● Brief: Could you retype the lines below, starting at the line holding "Germany, Luftwaffe. The" and stopping at the line holding "Rinqdəki idmançılar və", inclusive? Copy them exactly and drop the images.

● Record extracts:
____________

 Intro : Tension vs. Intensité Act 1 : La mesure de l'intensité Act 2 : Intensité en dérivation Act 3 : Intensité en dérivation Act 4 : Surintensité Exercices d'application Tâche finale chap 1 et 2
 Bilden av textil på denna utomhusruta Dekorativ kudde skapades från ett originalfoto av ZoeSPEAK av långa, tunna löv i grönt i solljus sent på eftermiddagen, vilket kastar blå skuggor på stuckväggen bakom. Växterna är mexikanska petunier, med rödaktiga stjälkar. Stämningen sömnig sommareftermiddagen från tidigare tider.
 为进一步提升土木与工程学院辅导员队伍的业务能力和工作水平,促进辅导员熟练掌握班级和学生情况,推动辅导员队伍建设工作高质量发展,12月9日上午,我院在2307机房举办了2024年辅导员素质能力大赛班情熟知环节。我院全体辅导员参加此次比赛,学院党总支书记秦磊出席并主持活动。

____________

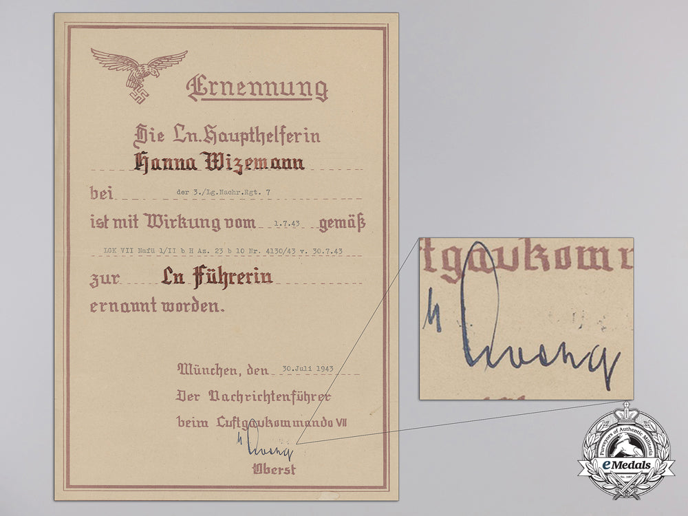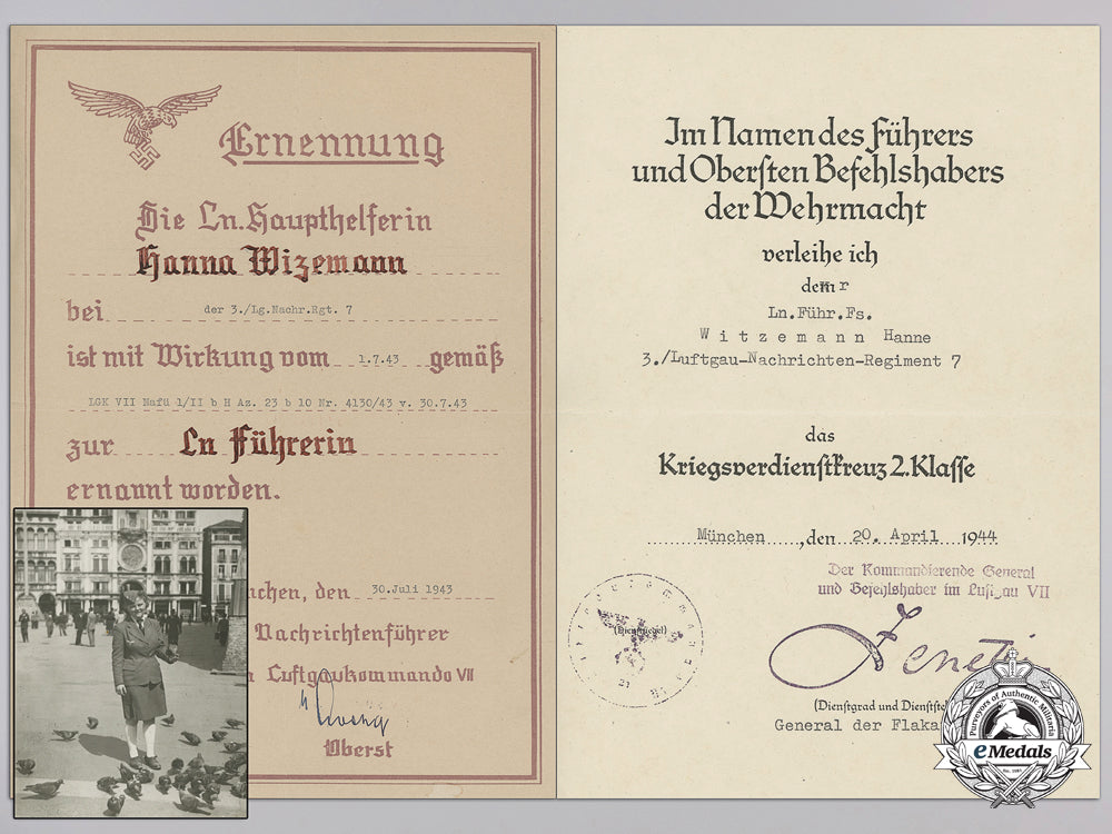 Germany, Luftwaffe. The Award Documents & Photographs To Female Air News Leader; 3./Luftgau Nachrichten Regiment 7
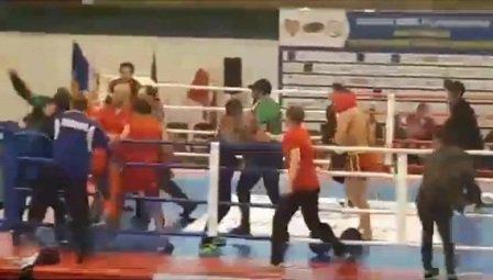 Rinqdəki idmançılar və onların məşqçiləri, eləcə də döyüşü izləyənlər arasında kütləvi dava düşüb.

____________

● Task solution:
 Germany, Luftwaffe. The Award Documents & Photographs To Female Air News Leader; 3./Luftgau Nachrichten Regiment 7
 Rinqdəki idmançılar və onların məşqçiləri, eləcə də döyüşü izləyənlər arasında kütləvi dava düşüb.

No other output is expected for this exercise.